Saturday, August 8, 2009

Points of View - August 8

Those Wild And Crazy Fords - By Holman W. Jenkins, Jr. - The Wall Street Journal - "Ford is the only U.S. auto company not to land in bankruptcy and need rescue with taxpayer money. It’s also the only company in which control remains with a tight-knit founding family. Coincidence? No."

Pay and Politics - The Economist - "The boardrooms of America were ready for misery. What else could result from Congress’s fury at runaway executive pay, outrageous Wall Street bonuses and handsome rewards for failure? The bosses can breathe a little more easily. The Corporate and Financial Institution Compensation Fairness Bill that won a healthy majority in the House of Representatives on July 31st turned out to be remarkably restrained—in some ways even too restrained (see article). However, with the Senate still to look at the legislation and the practical details of its implementation to be hammered out, there is plenty of time for that to change, for better or worse."
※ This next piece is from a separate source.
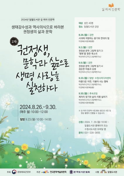 [금요저널] 수원시 일월도서관이 길 위의 인문학 ‘권정생, 문학과 삶으로 생명 사랑을 실천하다’ 강의에 참여할 시민 40명을 7월 29일부터 모집한다.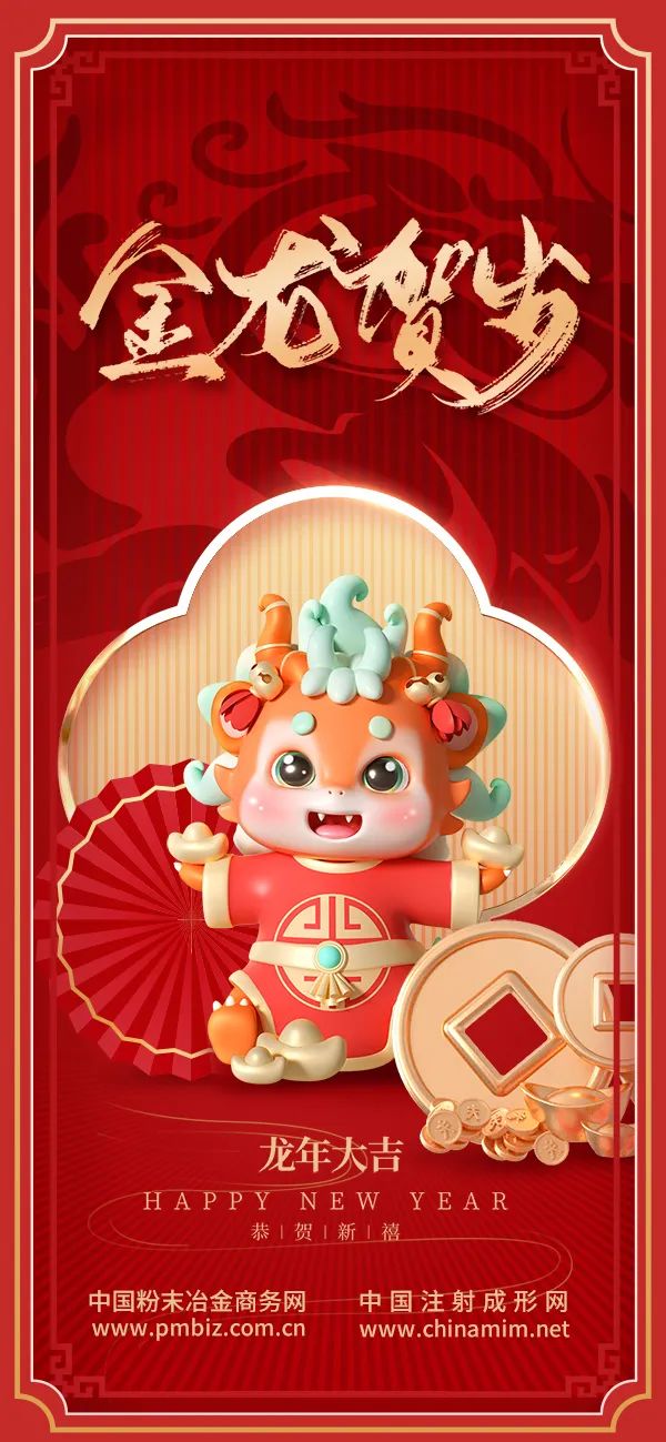 龙年到,好运来报到!值此新春佳节之际,中国粉末冶金商务网为一直关心、支持我们的用户献上最诚挚的祝福,祝您在新的一年里:事业腾飞,步步高升;家庭和睦,幸福美满。龙年行大运!

Clinical Trials, Wrapped in Red Tape - By Sally Satel - The New York Times - "It's Christmas in August for hopeful scientists. The National Institutes of Health is now sending out its annual 'priority scores,' the indicators of whether grant requests will likely receive financing from the agency. And hearts are beating faster than ever, as the federal stimulus package has poured an additional $8.2 billion into the institutes’ budget specifically for research."

Outside Edge: Learn to Love That Statistical Feeling - By Tim Hartford - Financial Times - "I am a non-statistician who deals with statistics and statisticians frequently, and in my view statisticians are unsung heroes. Statistics are essential to understanding the world, but statisticians get little credit. We accept the numbers in the news as fact, without considering the skill in producing them from small, non-representative samples."